Driving along the winding mountain road through the Jerusalem suburb of Ein Kerem, I wonder why I agreed to go. I thought I had attended my last school ceremony when my youngest child graduated from high school, but somehow, inexplicably, I am on my way to another.
“Savta, Savta, you have to come,” my granddaughter said yesterday, her brown pigtails flying as she jumped up and down. “Please!”
“Maybe,” I answered without conviction, sitting on the couch. Zohar bounced next to me, cupped her hands on my cheeks and turned my face to hers, our foreheads touching, so that I could not escape her pleading eyes.
“The teacher said if you have a big brother or sister in sixth grade, you can be in the ceremony, so Yami and I are in it! Only me and two other kids in my class get to be in it. You have to come!” (Again, those soulful eyes, and light brown eyebrows slanting downward with little creases near the bridge of her nose.)
“O.K., O.K.,” I muttered, victim to Zohar’s implacable cuteness.
I enter the bright gym with its yellow linoleum floor and hear the buzz of parents and children sitting in the bleachers. The children wear T-shirts in reds, greens, blues and yellows with the Ein Harim School logo printed on them. They laugh with friends and glance at teachers, who stand nearby with stern faces.

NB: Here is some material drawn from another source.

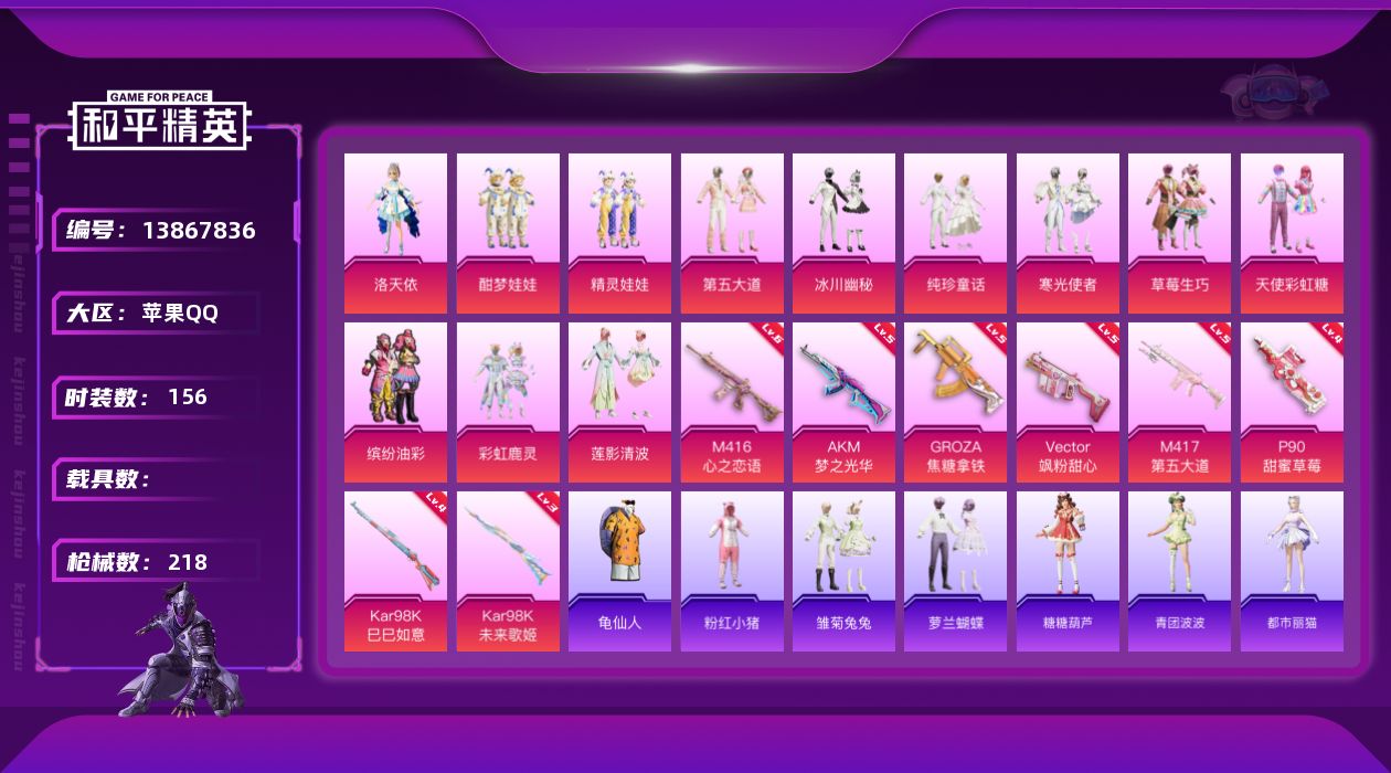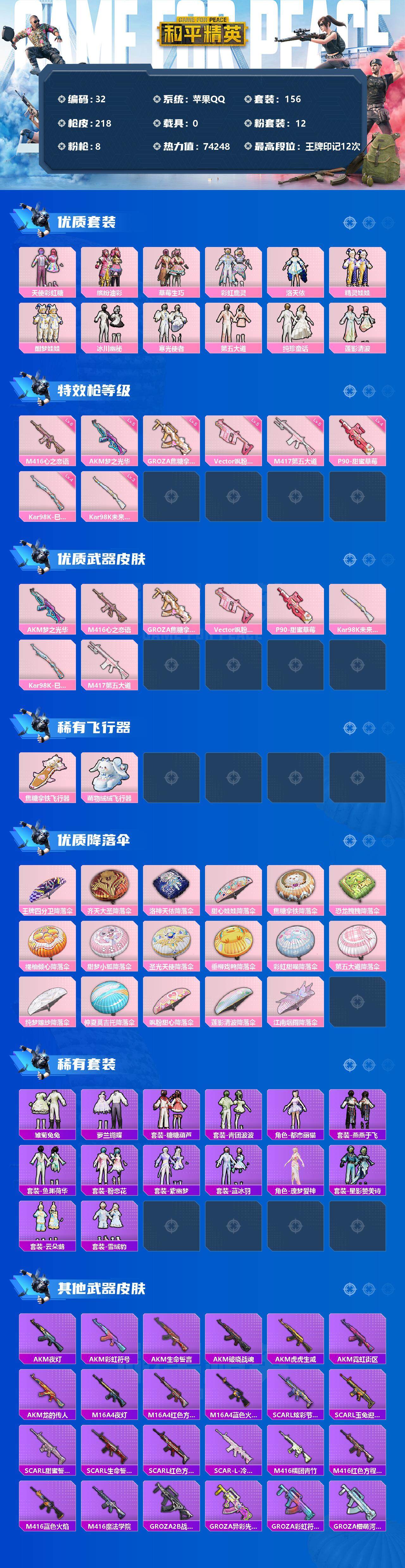 [13867836]苹果 手Q-12粉装-8特效枪-0载具-2粉色飞行器-74248热力值-12王牌印记-156套装-218枪皮 【热门品类】:粉装-缤纷油彩,套装-龟仙人,套装-粉红小猪 【粉色套装】:粉装-天使彩虹糖,粉装-缤纷油彩,粉装-草莓生巧,粉装-彩虹鹿灵,角色-洛天依,粉装-精灵娃娃,粉装-酣梦娃娃,粉装-冰川幽秘,粉装-寒光使者,粉装-第五大道,粉装-纯珍童话,粉装-莲影清波 【粉色枪皮等级】:AKM-梦之光华(五级),M416-心之恋语(六级),GROZA-焦糖拿铁(五级),Vector-飒粉甜心(五级),P90-甜蜜草莓(四级),Kar98K-未来歌姬(三级),Kar98K-巳巳如意(四级),M417-第五大道(五级) 【粉色枪皮】:AKM-梦之光华,M416-心之恋语,GROZA-焦糖拿铁,Vector-飒粉甜心,P90-甜蜜草莓,Kar98K-未来歌姬,Kar98K-巳巳如意,M417-第五大道 【粉色飞行器】:焦糖拿铁飞行器,萌物绒绒飞行器 【粉色降落伞】:王牌四分卫降落伞,齐天大圣降落伞,洛神天依降落伞,甜心娃娃降落伞,焦糖拿铁降落伞,恐龙拽拽降落伞,橘柚倾心降落伞,甜梦小狐降落伞,圣光天使降落伞,垂柳戏鸭降落伞,彩虹甜喵降落伞,第五大道降落伞,纯梦嫁纱降落伞,仲夏莫吉托降落伞,飒粉甜心降落伞,莲影清波降落伞,江南烟雨降落伞 【稀有套装】:套装-龟仙人,套装-雏菊兔兔,套装-萝兰蝴蝶,套装-糖糖葫芦,套装-青团波波,角色-都市丽猫,套装-燕燕于飞,套装-鱼渊荷华,套装-粉恋花,套装-紫幽梦,套装-蓝冰羽,角色-瑰梦爱神,套装-星影赞美诗,套装-云朵鹅,套装-雪绒豹 【稀有枪皮】:AKM-夜灯,AKM-彩虹符号,AKM-生命誓言,AKM-破晓战魂,AKM-虎虎生威,AKM-霓虹街区,AKM-龙的传人,M16A4-夜灯,M16A4-红色方程式,M16A4-蓝色火焰,SCAR-L-炫彩节奏,SCAR-L-玉兔迎春,SCAR-L-甜蜜誓约,SCAR-L-生命誓言,SCAR-L-红色方程式,SCAR-L-冷漠罗丽,M416-糯团青竹,M416-红色方程式,M416-蓝色火焰,M416-魔法学院,GROZA-2B战斗服款,GROZA-异彩先驱,GROZA-彩虹符号,GROZA-懵萌河马,GROZA-治愈之星,GROZA-田园牧歌,AUG-天降萌叽,AUG-耀粉歌者,A

I search for my oldest daughter, Tamar, in the crowd. There she is, smiling and waving to me, sitting beside her husband and holding baby Davidi, who seems enchanted by the hullabaloo.
Somewhere among the fourth graders is Yarden, my second grandson, but I cannot distinguish one T-shirted kid from another. Heading to my seat, I pass the children about to perform. They wear festive white shirts and sit cross-legged on the floor. The music—a festive “Hinei Ma Tov”—is turned on and the buzz dies down, but my mind is on the past.

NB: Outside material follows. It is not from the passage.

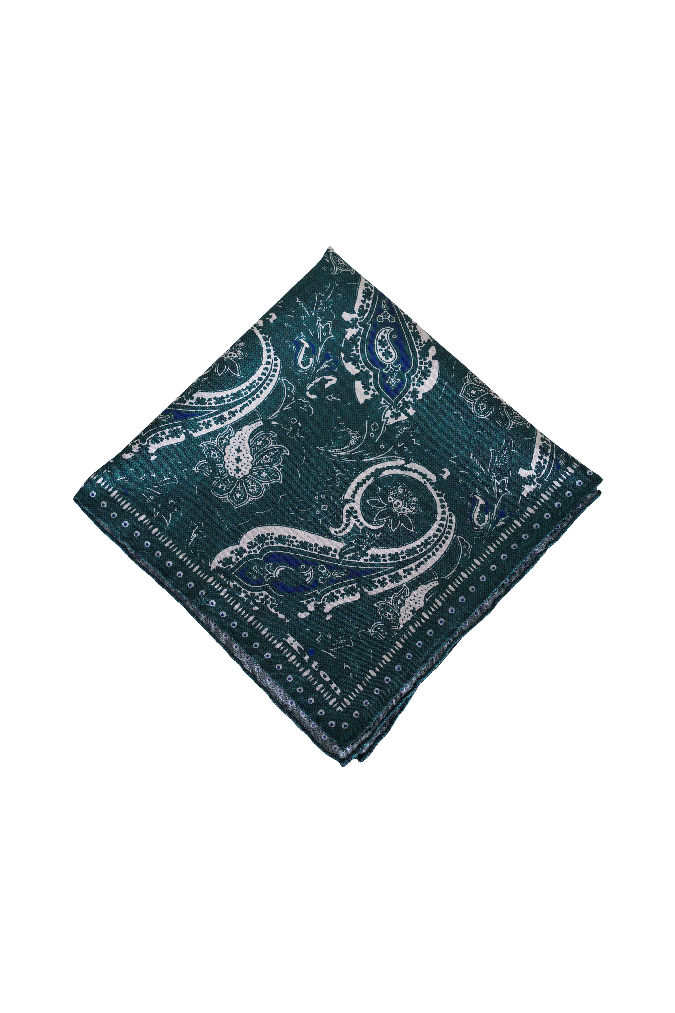 Green Floral Print Silk Pocket Square
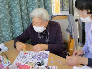また、2月よりご利用者と一緒にちぎり絵で“壁面飾り”を作成しました。

Having raised four children in the land of milk and honey, I have had the opportunity to attend countless parties, ceremonies and special events while the children were in preschool, primary school, middle school, high school and the Army. Parents are expected to show up at these ceremonies. And there sure are a lot of them. In addition to those for every Jewish holiday, there are ceremonies for Family Day, Holocaust Day and Memorial Day for Fallen Soldiers. Each grade also has its own special events, such as the first graders’ official welcome to the school, the second graders’ initiation into Torah studies, the third graders’ introduction to the prayer book and the fourth graders’ to the world of the Mishna. And, of course, there are the mandatory preschool birthdays and end-of-year parties and graduations.
I try to remember my own public school experience in the United States. I come up with just a few images of the student body coming together, but none involving parent participation. There was the annual variety show in elementary and junior high, sports night in high school and, on rare occasions, a gathering in the large, formal auditorium with floor-to-ceiling windows, hundreds of built-in wooden seats and a real stage with curtains, where the school orchestra would perform or the principal would speak behind a lectern next to the American flag. We would file into the auditorium in orderly fashion following our teachers and sit quietly through the program, stifling yawns.

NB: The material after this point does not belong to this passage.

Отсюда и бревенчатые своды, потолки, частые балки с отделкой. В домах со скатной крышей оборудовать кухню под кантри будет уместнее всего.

Living in israel, the school events that my children experienced were different. As a young mother in my twenties, I sat in a circle with other parents on rickety little wooden chairs as our 3-year-olds danced and the music teacher played the accordion. In the winter, the children wore paper crowns with paper candles and sang Hanukka songs, their faces glowing. And, in the spring, they dressed in white, wearing wreaths of flowers on their heads and carrying decorated baskets of fruit (that we parents had to prepare) for the festival of Shavuot.
I remember the first time I attended a preschool celebration of Independence Day as a parent and watched my Israeli-born daughter and her classmates singing songs in Hebrew, the revived language of the Jewish people.
“My Land of Israel, beautiful and thriving,” the children sang, using hand motions to illustrate the construction of a house, the planting of a tree, the paving of a road, the building of a bridge. I sang along with tears in my eyes. Having lived in Israel for only a few years, I was still on a high over celebrating the holidays in such public fashion. I felt as if I were living the Zionist dream.
When I attended Tamar’s second grade Torah Party, celebrating the beginning of Bible studies, I was impressed by both the creativity and pageantry of the event. We divided into small groups of parents and children, each of which was herded into an empty classroom where, under the direction of valiant members of the parents’ committee, we enacted scenes from the Creation story. Each group then presented a different day of Creation to the class.
It was a marvelous spectacle, with costumes and scenery created on the spot and children performing to the delight of the enthusiastic audience. Here I was, in the Land of Israel, celebrating my daughter’s initiation into the world of Torah. What could be more meaningful?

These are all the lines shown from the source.